String schema ="user_id VARCHAR, item_id VARCHAR, is_click INT, u_cl_t_7 INT, u_cl_t_30 INT, u_cl_t_60 INT, u_ac_n_7 INT, u_ac_n_30 INT, u_act_n_60 INT, u_act_n_180 INT, u_exp_c_60 INT, u_exp_c_180 INT, u_ctr_60 FLOAT, u_ctr_180 FLOAT, u_avg_v_60 FLOAT, u_avg_v_180 FLOAT, gender VARCHAR, age VARCHAR, is_ter_5g VARCHAR, pro_of_nu VARCHAR, u_s_g_t_180_1st VARCHAR, u_s_g_t_180_2nd VARCHAR, u_s_g_t_180_3rd VARCHAR, u_s_g_t_60_1st VARCHAR, u_s_g_t_60_2nd VARCHAR, u_s_g_t_60_3rd VARCHAR, u_big_cat_hobby_1st_7 VARCHAR, u_big_cat_hobby_2nd_7 VARCHAR, u_big_cat_hobby_3rd_7 VARCHAR, u_second_cat_hobby_1st_JD_30 VARCHAR, u_second_cat_hobby_2nd_JD_30 VARCHAR, u_second_cat_hobby_3rd_JD_30 VARCHAR, u_second_cat_hobby_1st_PZ_7 VARCHAR, u_second_cat_hobby_2nd_PZ_7 VARCHAR, u_second_cat_hobby_3rd_PZ_7 VARCHAR, u_is_search_5g_7 VARCHAR, u_is_search_broadband_7 VARCHAR, u_is_search_flow_pac_7 VARCHAR, u_is_search_bill_buy_7 VARCHAR, u_is_search_pac_7 VARCHAR, u_is_search_pac_change_7 VARCHAR, u_is_search_card_acti_7 VARCHAR, u_is_search_score_7 VARCHAR, u_is_search_sign_in_7 VARCHAR, u_is_search_bill_7 VARCHAR, id VARCHAR, g_ty VARCHAR, i_u_cli_7 INT, i_u_cli_30 INT, i_u_cli_60 INT, i_u_cli_180 INT, i_cl_n_7 INT, i_cl_n_30 INT, i_cl_n_60 INT, i_cl_n_180 INT, i_exp_co_7 INT, i_exp_co_30 INT, i_exp_co_60 INT, i_exp_co_180 INT, i_ct_7 FLOAT, i_ct_30 FLOAT, i_ct_60 FLOAT, i_ct_180 FLOAT, i_big_cat_cli_rate_7 VARCHAR, i_cli_user_age_180_1st VARCHAR, i_cli_user_age_180_2nd VARCHAR, i_cli_user_gen_180_1st VARCHAR, i_cli_user_pro_180_1st VARCHAR, i_cat_2nd VARCHAR, i_keywords_search_cat_2nd VARCHAR";
PipelineModel loadedModel = PipelineModel.load("D:\\working\\worker\\sparrow\\ftrl_local_model.ak");
LocalPredictor localPredictor = loadedModel.collectLocalPredictor(schema);
Row row =Row.of("17633932694","3420169c25f54c078310c65684b7276b",0,2,4,4,9,11,11,11,289,291,0.0381,0.0378,4.8167,1.6167,"01","22","0","076","1000","+1","+1","1000","+1","+1","1000","+1","+1","+1","+1","+1","","","","0","0","0","0","0","0","0","0","0","0","1534017704082939905","1000",388,4712,4712,4712,405,4974,4974,4974,3612691,8157489,8157489,8157489,0.0001,0.0006,0.0006,0.0006,"0.001",2,"4","01","051","+1","I");
Row resultRow = localPredictor.map(row);

报了如下的错误,我还需要怎么修正

java.lang.IllegalStateException: No ExecutorFactory found to execute the application.

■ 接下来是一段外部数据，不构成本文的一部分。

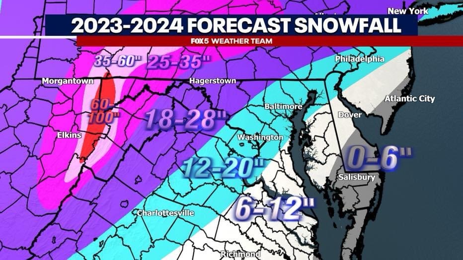 Snow accumulation forecasts for the upcoming winter season are beginning to roll out. Here is one forecast shared by the FOX5 weather team: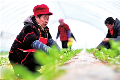 2月28日,赤壁市赤壁镇太平口村蔬菜种植专业合作社大棚,当地农户正在补栽菜苗。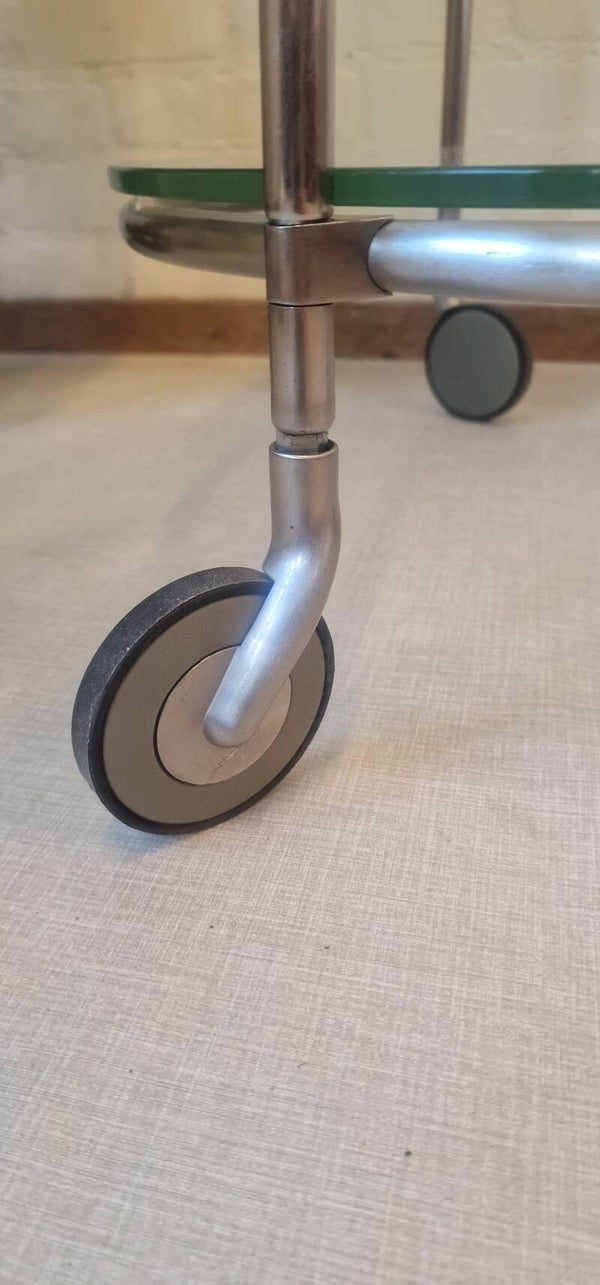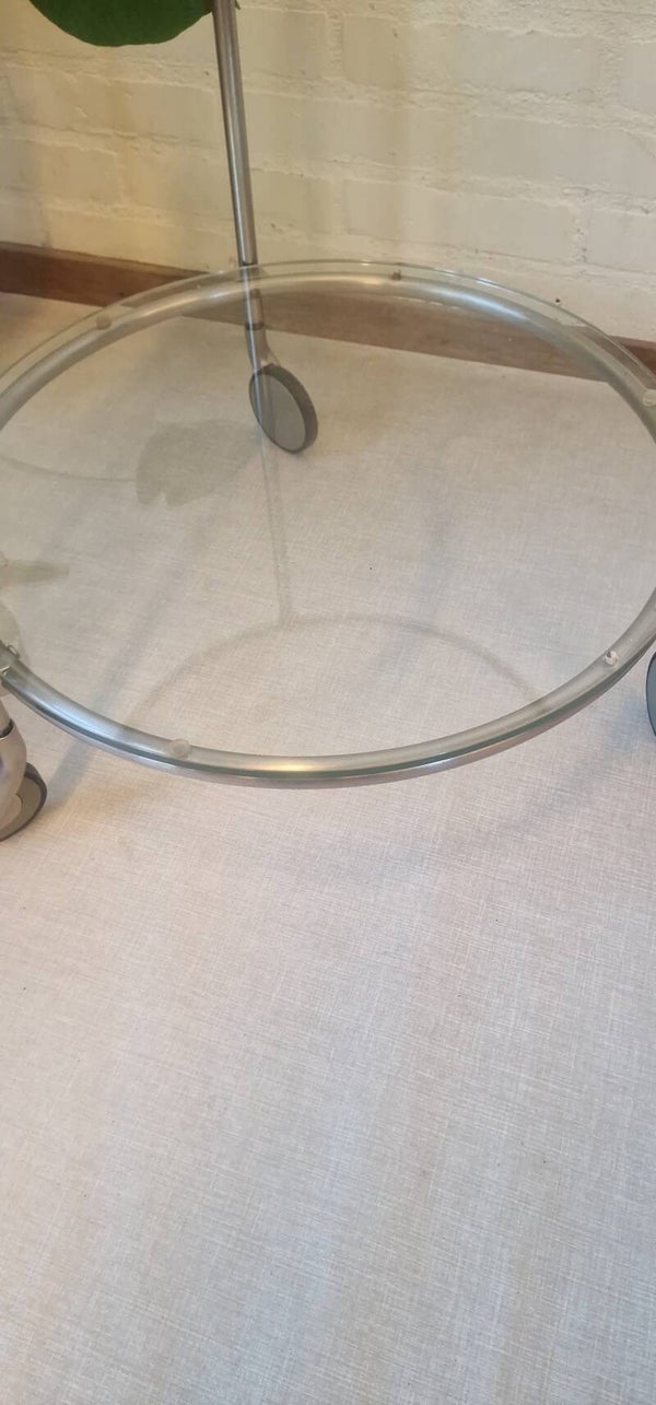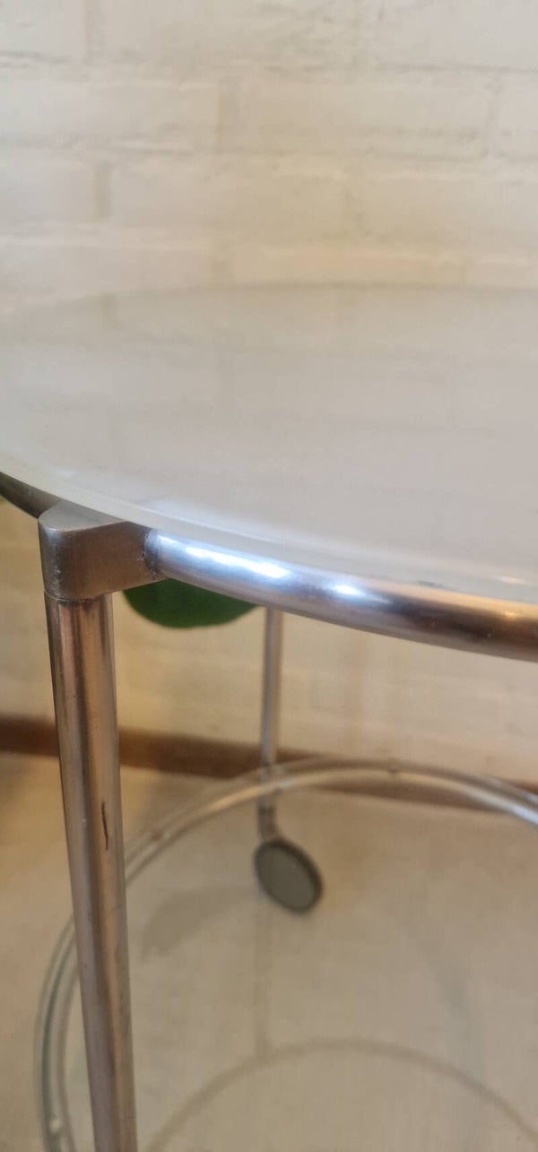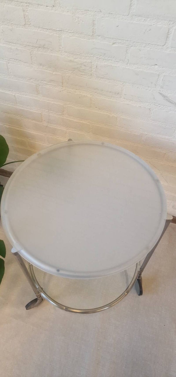 Een vintage IKEA Strind bijzettafel ontworpen door Ehlén Johansson, met een verchroomd metalen frame en twee ronde glasplaten, één van matglas en de ander is doorschijnend staand op 3 wieltjes.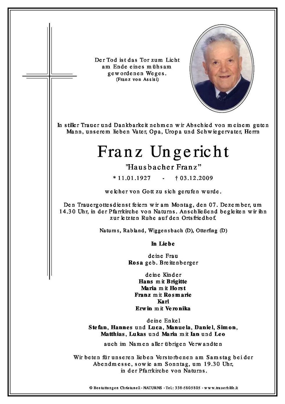 Den Trauergottesdienst feiern wir am Montag, den 07. Dezember, um 14.30 Uhr, in der Pfarrkirche von Naturns. Anschließend begleiten wir ihn zur letzten Ruhe auf den Ortsfriedhof.
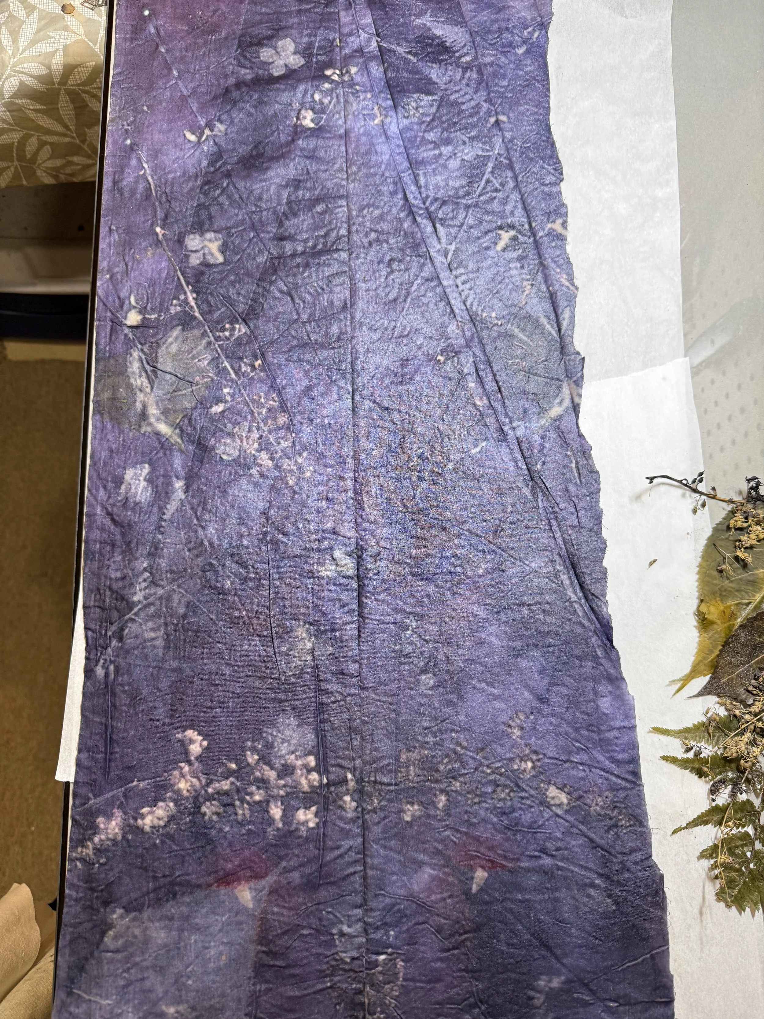 The Eco Printing process involves a number of steps - preparing the substrate, in this case fabric, to accept the dye transfer; composing the plant material for a pleasing composition; covering with a dye blanket, bundling tightly to maintain contact; immersion in the prepared “hot pot” for 90 minutes or more; then unrolling to reveal the transfer.

  at org.apache.flink.core.execution.DefaultExecutorServiceLoader.getExecutorFactory(DefaultExecutorServiceLoader.java:88)
  at org.apache.flink.api.java.ExecutionEnvironment.executeAsync(ExecutionEnvironment.java:1043)

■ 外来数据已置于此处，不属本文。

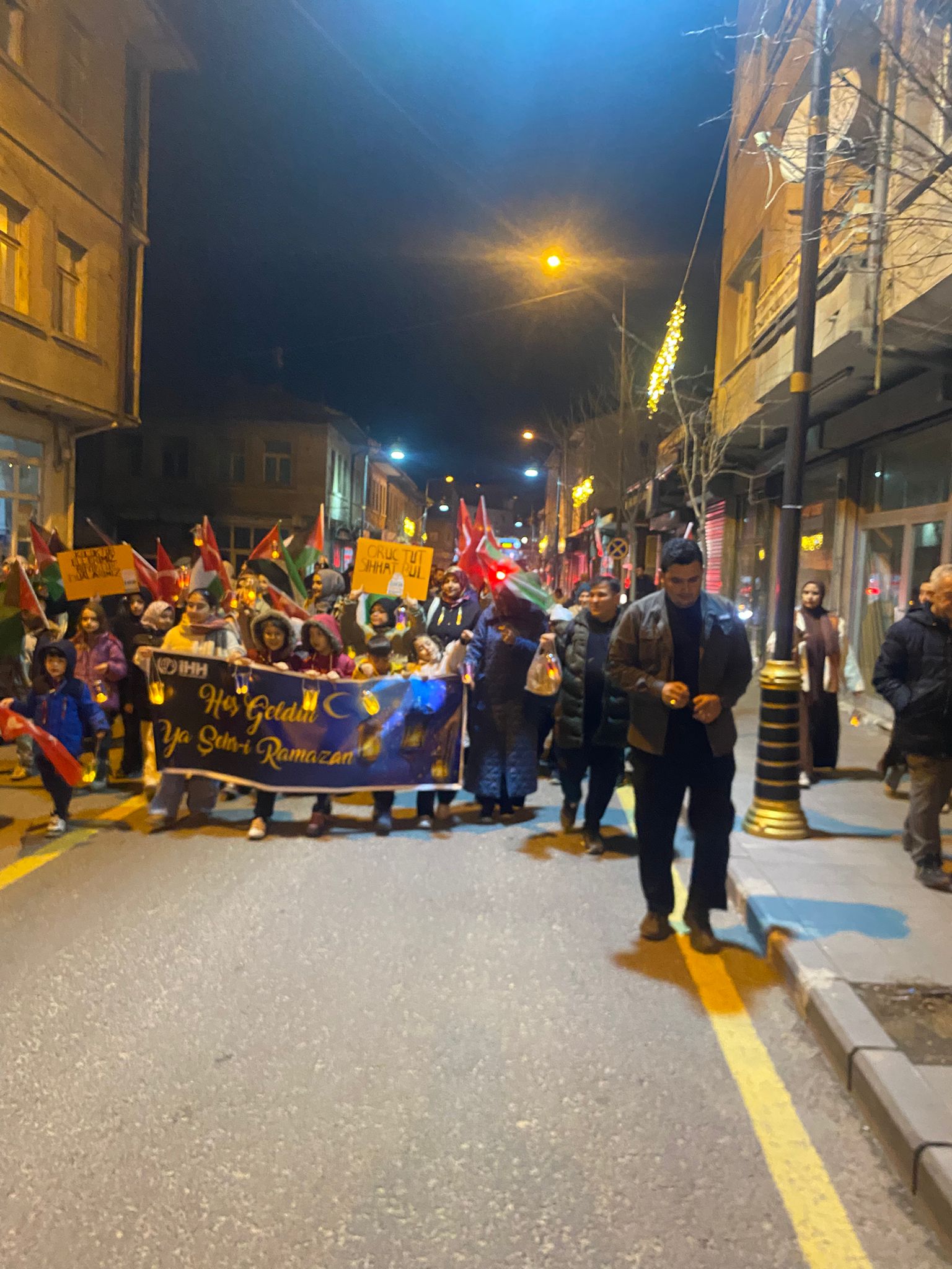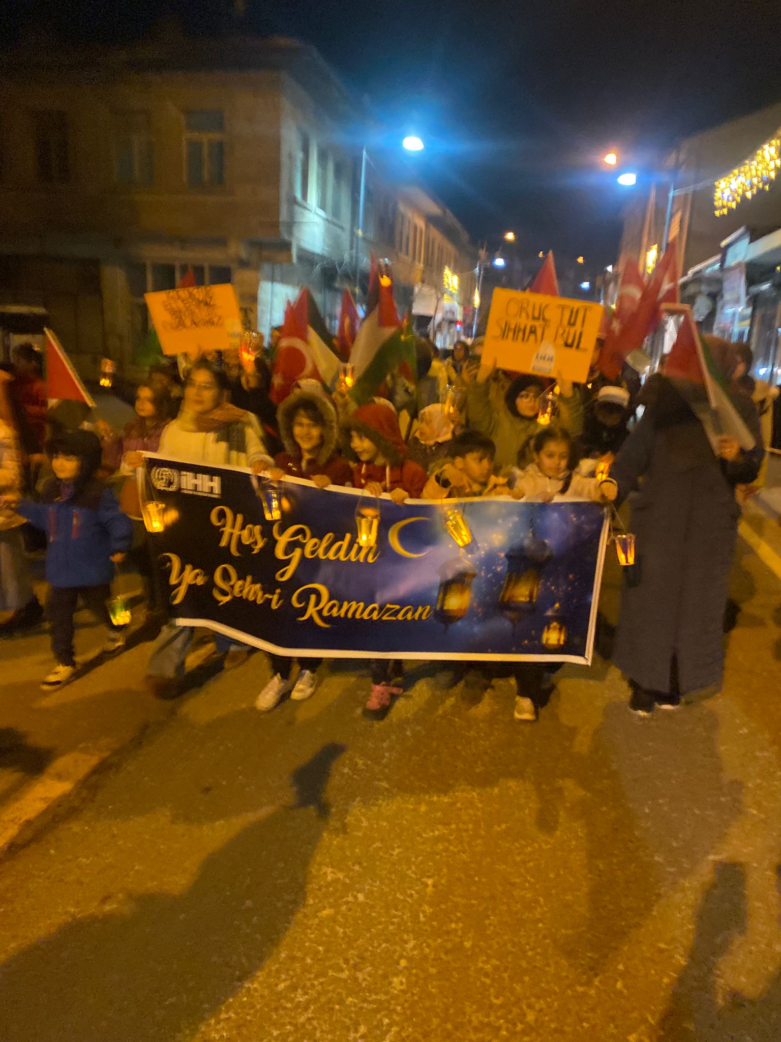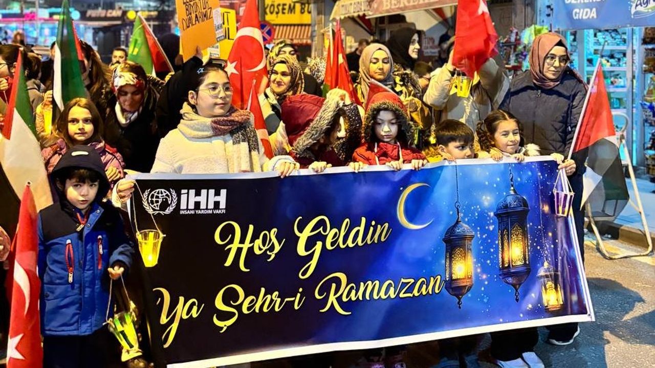 Aileleriyle birlikte yürüyüşe katılan çocuklar, renkli görüntüler oluşturdu. Ramazan’ın rahmet, bereket ve huzurunu simgeleyen ışıklarla gerçekleştirilen yürüyüş, Atatürk Caddesi’nden başlayarak Kurşunlu Camii’ne kadar devam etti.

  at org.apache.flink.api.java.ExecutionEnvironment.execute(ExecutionEnvironment.java:958)
  at org.apache.flink.api.java.ExecutionEnvironment.execute(ExecutionEnvironment.java:942)

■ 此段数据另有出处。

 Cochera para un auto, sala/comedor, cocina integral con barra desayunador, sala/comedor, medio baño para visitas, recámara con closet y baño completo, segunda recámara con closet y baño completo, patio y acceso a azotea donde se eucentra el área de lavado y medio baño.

  at com.alibaba.alink.operator.batch.BatchOperator.collect(BatchOperator.java:690)
  at com.alibaba.alink.operator.batch.BatchOperator.collect(BatchOperator.java:669)
  at com.alibaba.alink.pipeline.PipelineModel.collectLocalPredictor(PipelineModel.java:287)
  at com.alibaba.alink.pipeline.LocalPredictable.collectLocalPredictor(LocalPredictable.java:16)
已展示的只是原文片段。